* Given data
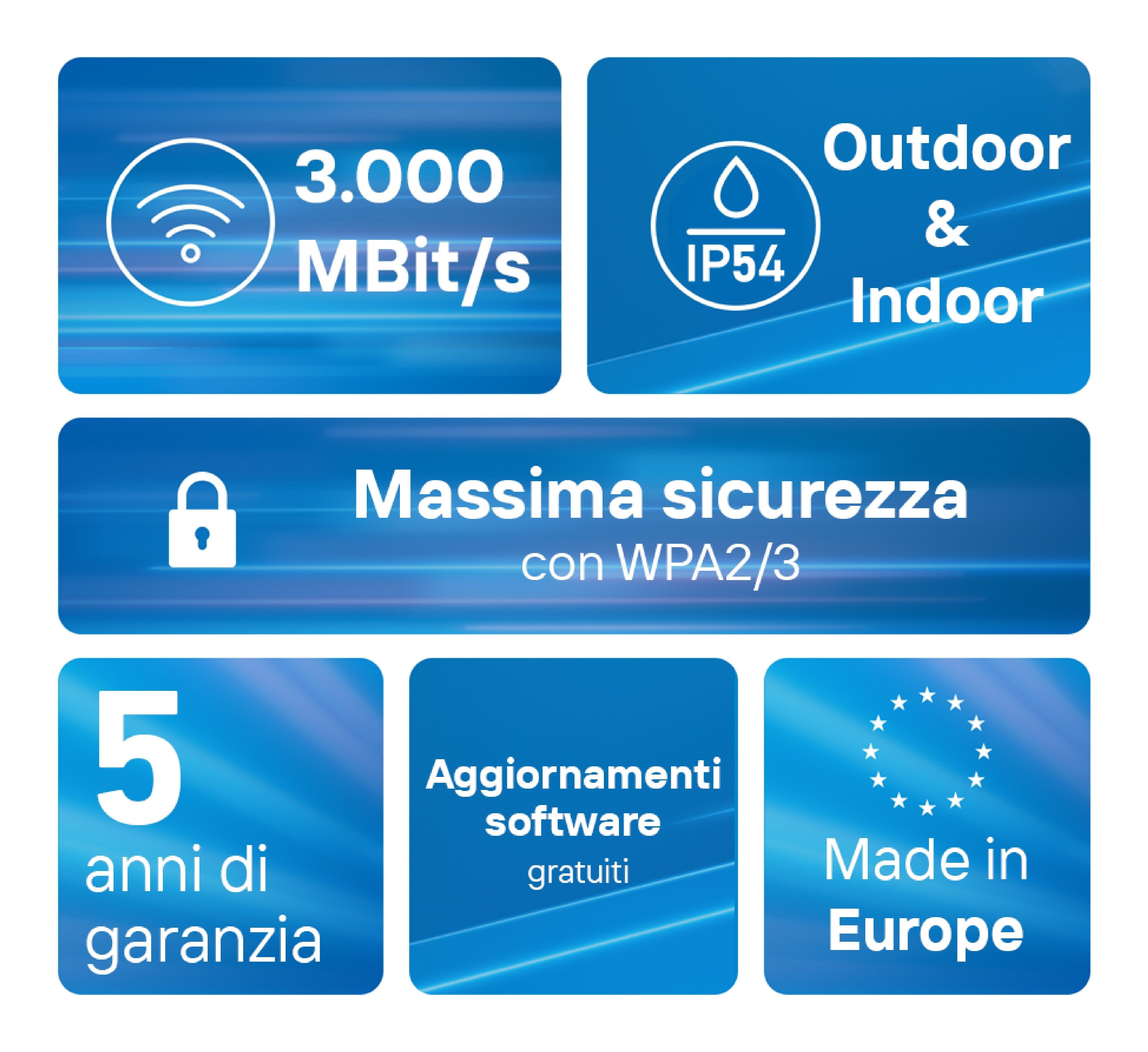 Estensione della portata della rete Wi-Fi in casa e in giardino in modo rapido e semplice. Custodia protetta dalla polvere e dagli spruzzi d'acqua (IP54) per un utilizzo al chiuso e in aree esterne protette.
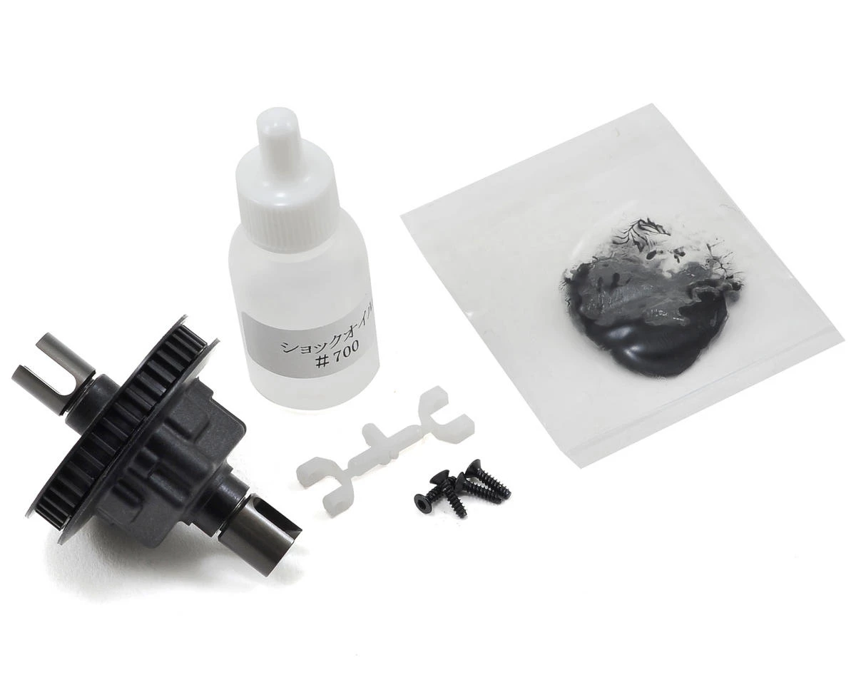 This is a Yokomo BD7 2015 Gear Differential. This complete differential includes all the parts for one diff, as well as driveshaft blades and a small bottle of #700 silicone oil.
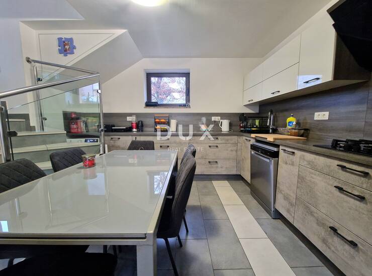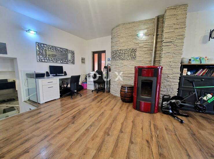 U prizemlju se nalazi stan površine 60 m², rasporeda 1S+DB, funkcionalno uređen i ugodan za svakodnevni boravak. Na prvom i drugom katu smješten je prostrani dvoetažni stan ukupne površine 120 m², rasporeda 2S+DB, koji nudi obilje svjetla, komfora i privatnosti. Kuća je kompletno uređena i u potpunosti namještena te ne zahtijeva nikakva dodatna ulaganja – spremna je za useljenje odmah.
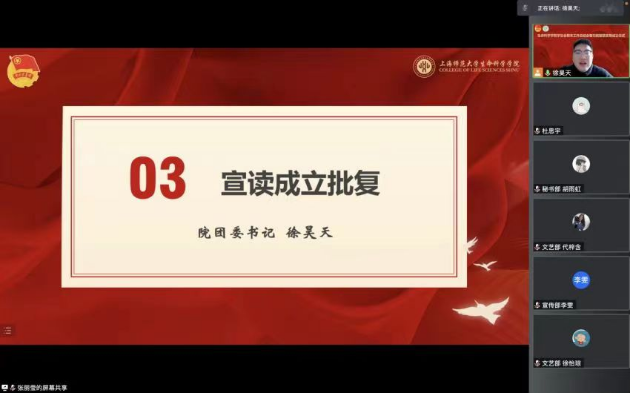 为深入贯彻落实习近平总书记关于共青团在高校学生思想政治工作中要发挥主力军作用的重要要求,深化共青团改革和全面从严治团要求,树立大抓基层的鲜明导向,进一步加强基层团组织建设,强化对学生会组织的思想引领和工作指导,我院学生会功能型团支部正式成立。徐昊天老师宣读《关于同意成立OK138太阳集团学生会功能型团支部的批复》。

* Exercise description
Look above for the line with "This is a Yokomo" and the line with "U prizemlju se", then restate exactly those two lines and all lines between them, with no pictures.

* Response to this task
 This is a Yokomo BD7 2015 Gear Differential. This complete differential includes all the parts for one diff, as well as driveshaft blades and a small bottle of #700 silicone oil.
 U prizemlju se nalazi stan površine 60 m², rasporeda 1S+DB, funkcionalno uređen i ugodan za svakodnevni boravak. Na prvom i drugom katu smješten je prostrani dvoetažni stan ukupne površine 120 m², rasporeda 2S+DB, koji nudi obilje svjetla, komfora i privatnosti. Kuća je kompletno uređena i u potpunosti namještena te ne zahtijeva nikakva dodatna ulaganja – spremna je za useljenje odmah.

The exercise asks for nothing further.